(Work to complete) The output should be every line below, retyped exactly, with no images.

(Data)
═══

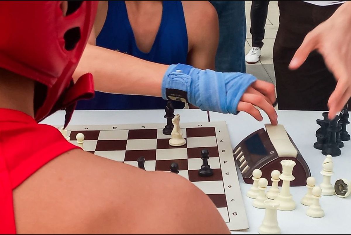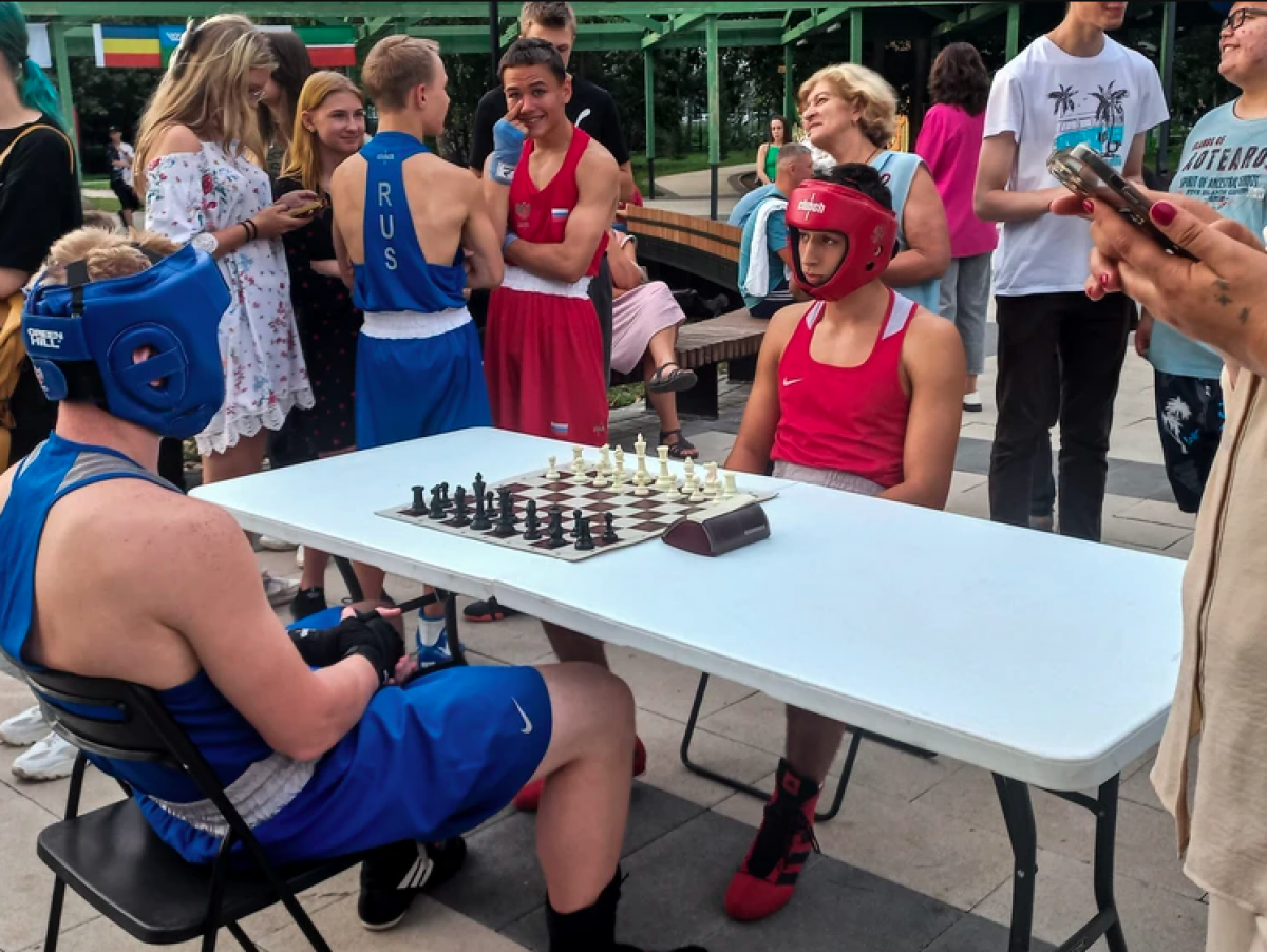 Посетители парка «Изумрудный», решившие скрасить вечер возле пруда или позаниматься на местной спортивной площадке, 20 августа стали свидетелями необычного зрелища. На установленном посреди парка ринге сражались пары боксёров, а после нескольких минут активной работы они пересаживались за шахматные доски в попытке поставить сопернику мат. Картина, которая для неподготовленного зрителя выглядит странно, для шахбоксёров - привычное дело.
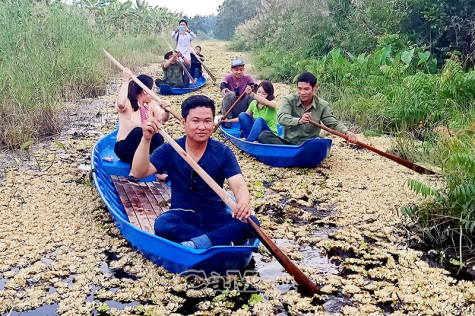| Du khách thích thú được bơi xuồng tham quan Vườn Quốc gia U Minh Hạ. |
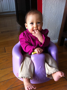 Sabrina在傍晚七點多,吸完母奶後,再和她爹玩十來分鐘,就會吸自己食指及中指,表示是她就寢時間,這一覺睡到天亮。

═══

(Exercise response)
 Посетители парка «Изумрудный», решившие скрасить вечер возле пруда или позаниматься на местной спортивной площадке, 20 августа стали свидетелями необычного зрелища. На установленном посреди парка ринге сражались пары боксёров, а после нескольких минут активной работы они пересаживались за шахматные доски в попытке поставить сопернику мат. Картина, которая для неподготовленного зрителя выглядит странно, для шахбоксёров - привычное дело.
| Du khách thích thú được bơi xuồng tham quan Vườn Quốc gia U Minh Hạ. |
 Sabrina在傍晚七點多,吸完母奶後,再和她爹玩十來分鐘,就會吸自己食指及中指,表示是她就寢時間,這一覺睡到天亮。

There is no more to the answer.